── Study material ──

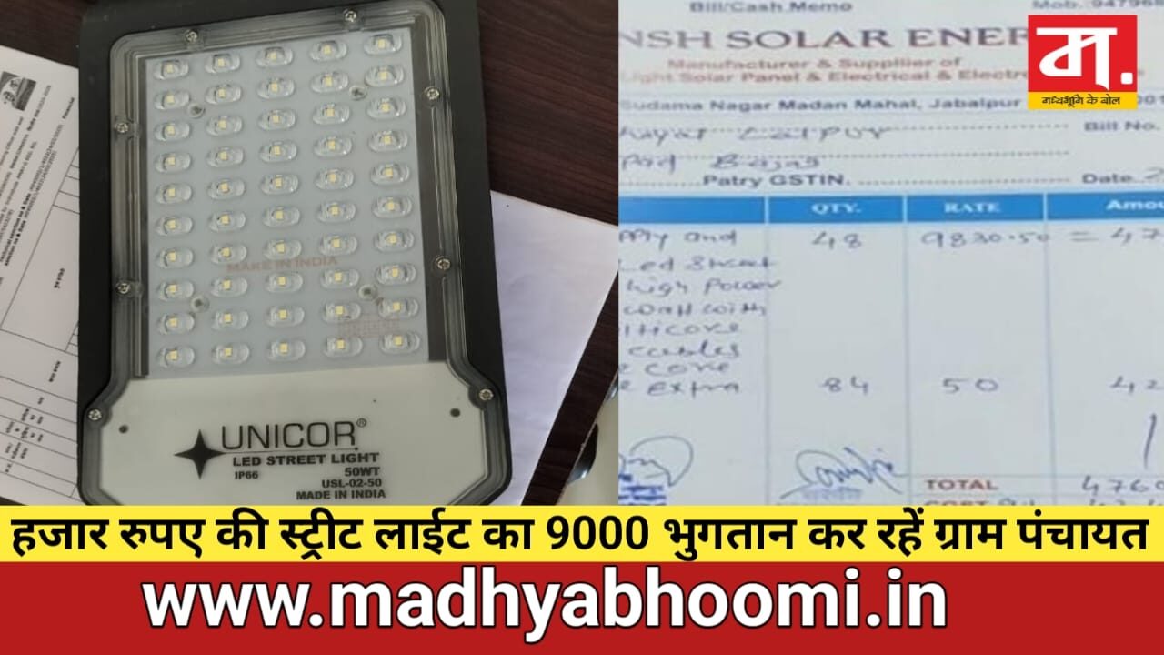 हजार रुपए की स्ट्रीट लाईट का 10 हजार भुगतान कर रहें ग्राम पंचायत, बेधड़क जारी है कमीशन का खेल
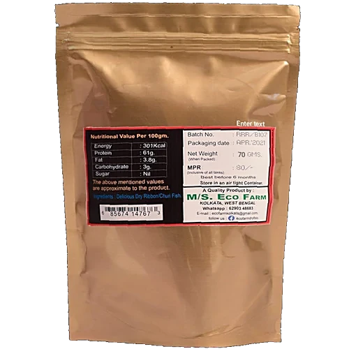 Ecofarm Dry Ribbon Fish also know as the Churi Fish. It is dried in the sun to prevent its soft flesh from spoiling. It is one of the oldest ways of preserving fish that is still considered one. It has a slim, ribbon-like appearance. This fish provides us with omega-3 fatty acids, Vitamin D, an excellent source of calcium, and proper food metabolism. It is mild with a hint of briny, ocean flavour with a delicate, white texture. It can be used in many curries, roasted or fried. It is free from harmful preservatives. Dry ribbon fish retains the antioxidant.
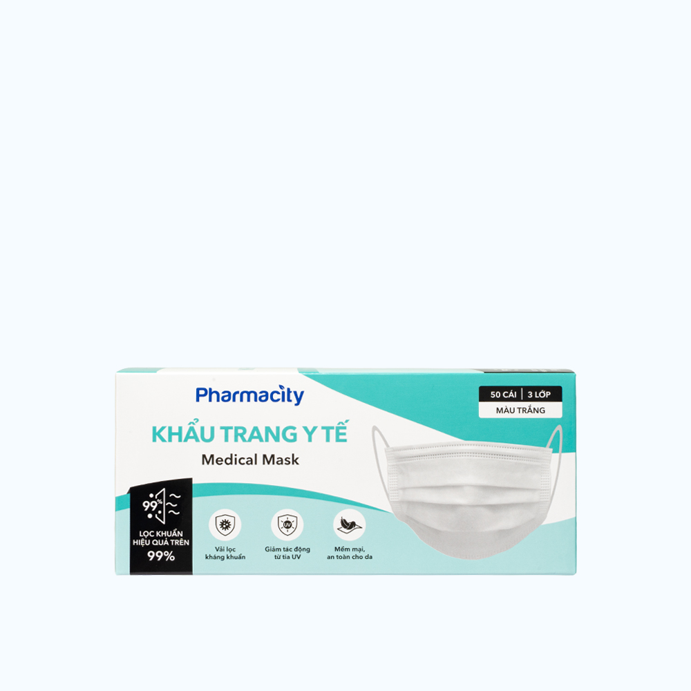 ✨Khẩu trang y tế 3 lớp Pharmacity (Hộp 50 cái) màu trắng
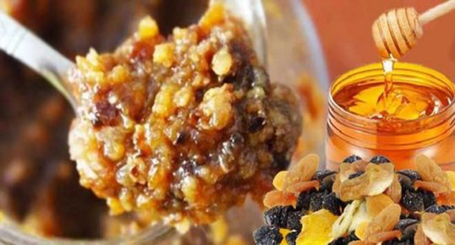 - 2. გაატარეთ ხორცის საკეპ მანქანაში ყველა ინგრედიენტი, ლიმონის და თაფლის გარდა. გამოწურეთ ლიმონის წვენი და დაამატეთ გატარებულ ჩირს და ნიგოზს. დაამატეთ თაფლი, კოვზით კარგად შეურიეთ ერთმანეთს და დააბლენდერეთ.
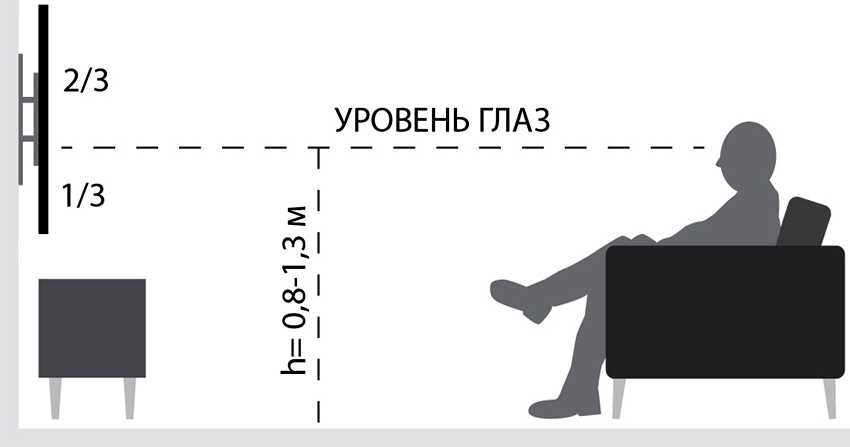 - если просмотр идет из разных точек помещения, из разных поз – сидя, стоя, лежа – выбираем среднее арифметическое, то есть все-таки на уровне сидящего человека;

───

--- Exercise ---
Your answer should consist solely of the lines from the one with "Ecofarm Dry Ribbon" through the last line of the entries, restated word for word, with the pictures omitted.

--- The completed task ---
 Ecofarm Dry Ribbon Fish also know as the Churi Fish. It is dried in the sun to prevent its soft flesh from spoiling. It is one of the oldest ways of preserving fish that is still considered one. It has a slim, ribbon-like appearance. This fish provides us with omega-3 fatty acids, Vitamin D, an excellent source of calcium, and proper food metabolism. It is mild with a hint of briny, ocean flavour with a delicate, white texture. It can be used in many curries, roasted or fried. It is free from harmful preservatives. Dry ribbon fish retains the antioxidant.
 ✨Khẩu trang y tế 3 lớp Pharmacity (Hộp 50 cái) màu trắng
 - 2. გაატარეთ ხორცის საკეპ მანქანაში ყველა ინგრედიენტი, ლიმონის და თაფლის გარდა. გამოწურეთ ლიმონის წვენი და დაამატეთ გატარებულ ჩირს და ნიგოზს. დაამატეთ თაფლი, კოვზით კარგად შეურიეთ ერთმანეთს და დააბლენდერეთ.
 - если просмотр идет из разных точек помещения, из разных поз – сидя, стоя, лежа – выбираем среднее арифметическое, то есть все-таки на уровне сидящего человека;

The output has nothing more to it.